> **RECORDS SUPPLIED**:

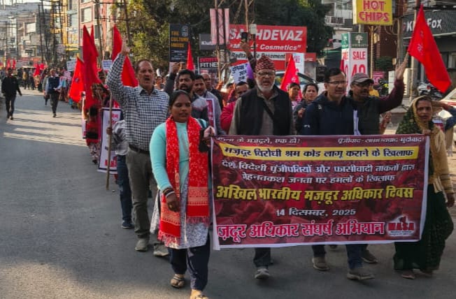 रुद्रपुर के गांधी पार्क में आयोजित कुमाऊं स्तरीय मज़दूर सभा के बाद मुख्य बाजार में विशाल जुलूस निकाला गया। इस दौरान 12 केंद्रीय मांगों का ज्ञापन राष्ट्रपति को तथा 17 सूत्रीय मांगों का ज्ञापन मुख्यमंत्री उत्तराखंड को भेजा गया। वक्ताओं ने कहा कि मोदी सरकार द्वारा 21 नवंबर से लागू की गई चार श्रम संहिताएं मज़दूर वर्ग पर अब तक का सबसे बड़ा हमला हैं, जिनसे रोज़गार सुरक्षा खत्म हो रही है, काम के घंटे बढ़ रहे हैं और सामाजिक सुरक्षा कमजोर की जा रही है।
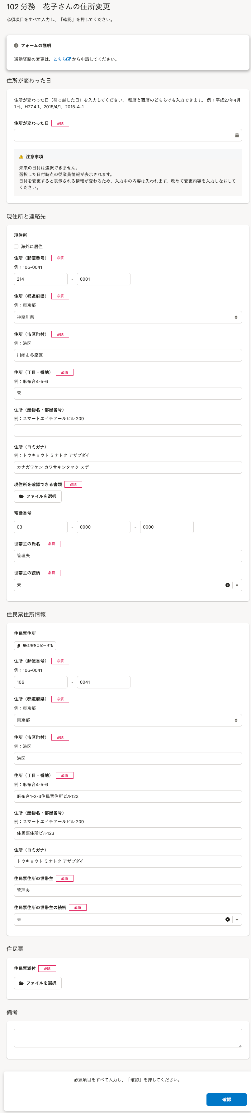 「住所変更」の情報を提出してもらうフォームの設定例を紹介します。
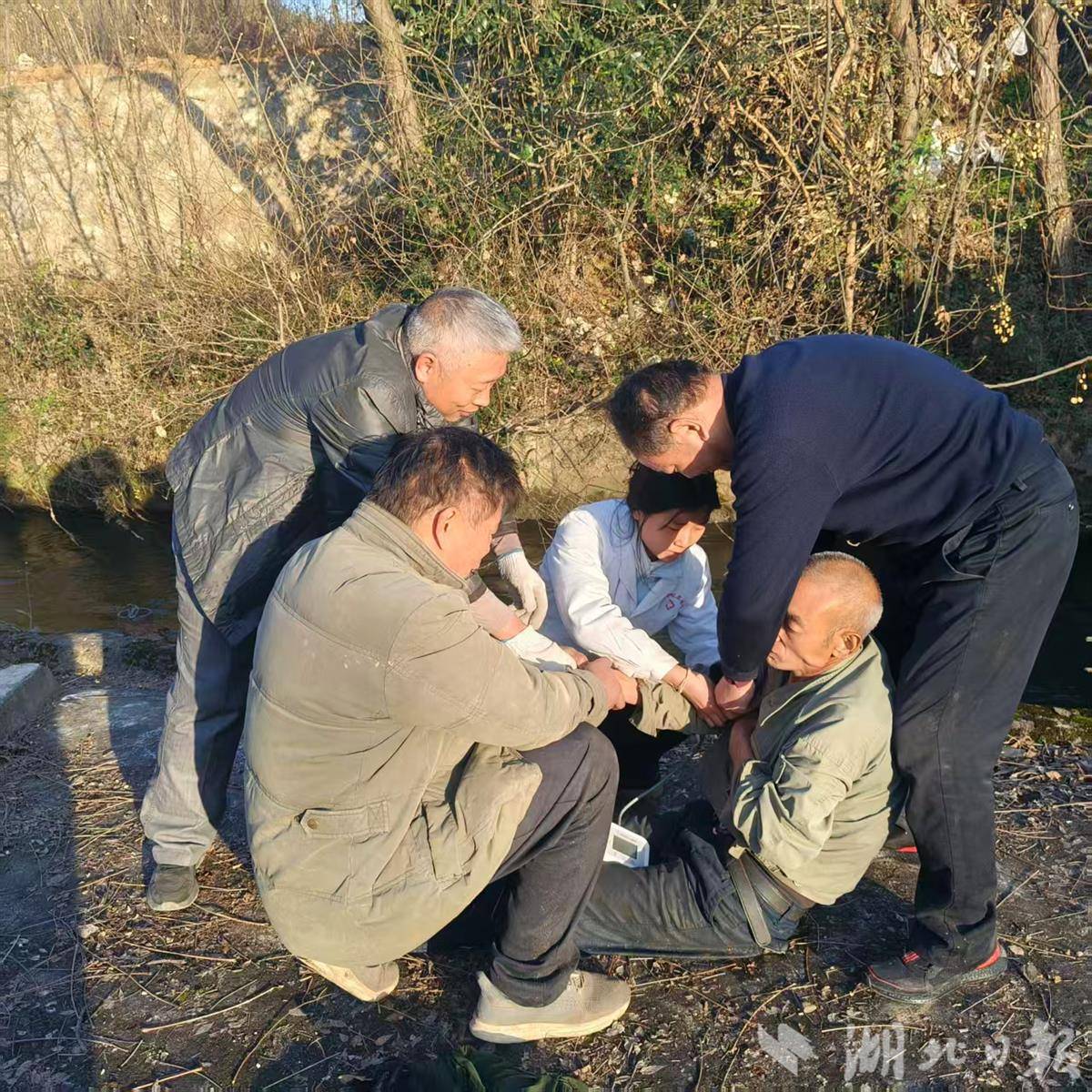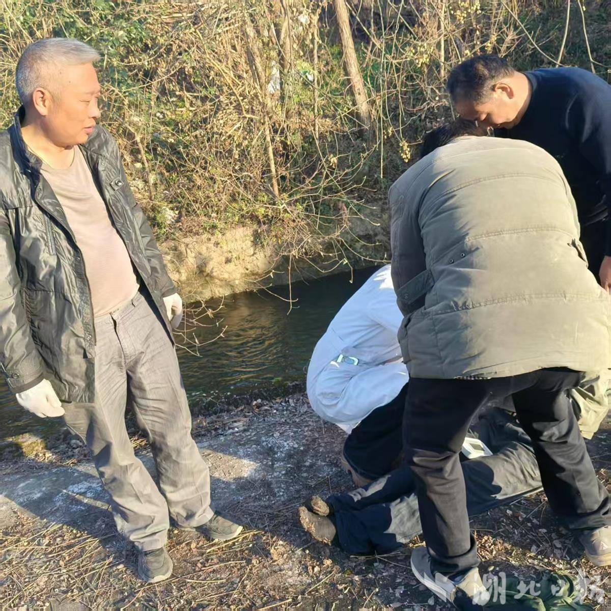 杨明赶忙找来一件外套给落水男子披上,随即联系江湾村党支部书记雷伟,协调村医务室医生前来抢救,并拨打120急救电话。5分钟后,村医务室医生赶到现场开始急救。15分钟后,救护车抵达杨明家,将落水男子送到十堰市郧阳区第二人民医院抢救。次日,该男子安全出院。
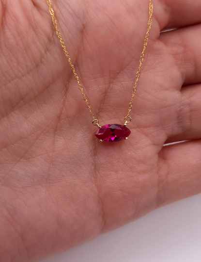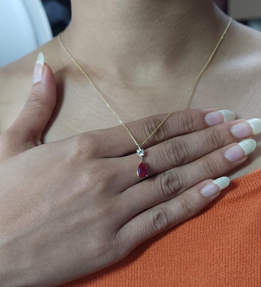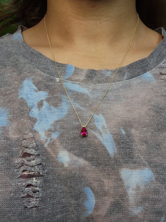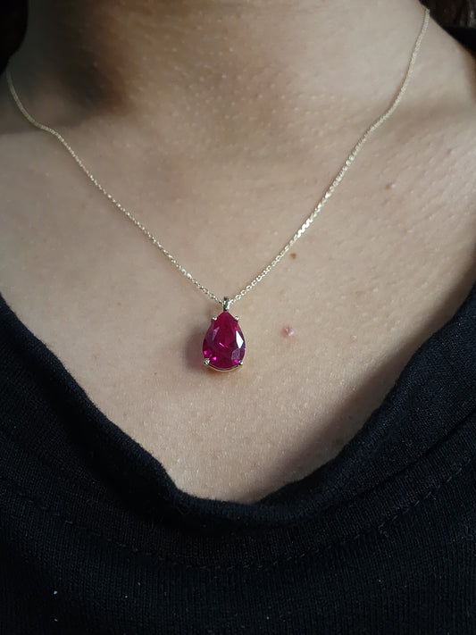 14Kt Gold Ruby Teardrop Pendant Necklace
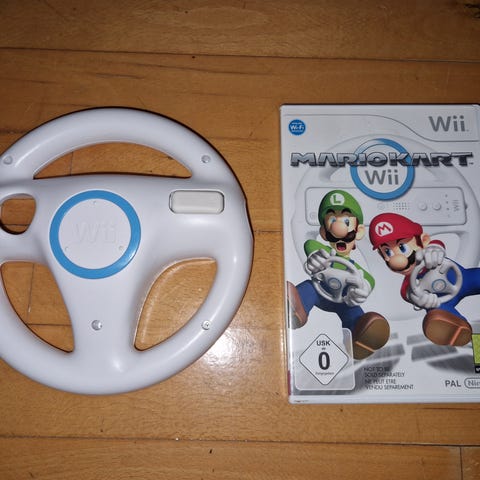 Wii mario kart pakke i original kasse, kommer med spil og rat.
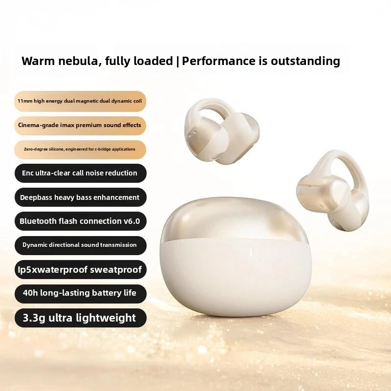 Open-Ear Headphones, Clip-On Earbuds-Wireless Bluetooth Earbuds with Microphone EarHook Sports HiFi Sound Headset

> **WHAT YOU NEED TO DO**: Would you return all of the entries unchanged while omitting the images?

> **RESULT OF THIS TASK**:
 रुद्रपुर के गांधी पार्क में आयोजित कुमाऊं स्तरीय मज़दूर सभा के बाद मुख्य बाजार में विशाल जुलूस निकाला गया। इस दौरान 12 केंद्रीय मांगों का ज्ञापन राष्ट्रपति को तथा 17 सूत्रीय मांगों का ज्ञापन मुख्यमंत्री उत्तराखंड को भेजा गया। वक्ताओं ने कहा कि मोदी सरकार द्वारा 21 नवंबर से लागू की गई चार श्रम संहिताएं मज़दूर वर्ग पर अब तक का सबसे बड़ा हमला हैं, जिनसे रोज़गार सुरक्षा खत्म हो रही है, काम के घंटे बढ़ रहे हैं और सामाजिक सुरक्षा कमजोर की जा रही है।
 「住所変更」の情報を提出してもらうフォームの設定例を紹介します。
 杨明赶忙找来一件外套给落水男子披上,随即联系江湾村党支部书记雷伟,协调村医务室医生前来抢救,并拨打120急救电话。5分钟后,村医务室医生赶到现场开始急救。15分钟后,救护车抵达杨明家,将落水男子送到十堰市郧阳区第二人民医院抢救。次日,该男子安全出院。
 14Kt Gold Ruby Teardrop Pendant Necklace
 Wii mario kart pakke i original kasse, kommer med spil og rat.
 Open-Ear Headphones, Clip-On Earbuds-Wireless Bluetooth Earbuds with Microphone EarHook Sports HiFi Sound Headset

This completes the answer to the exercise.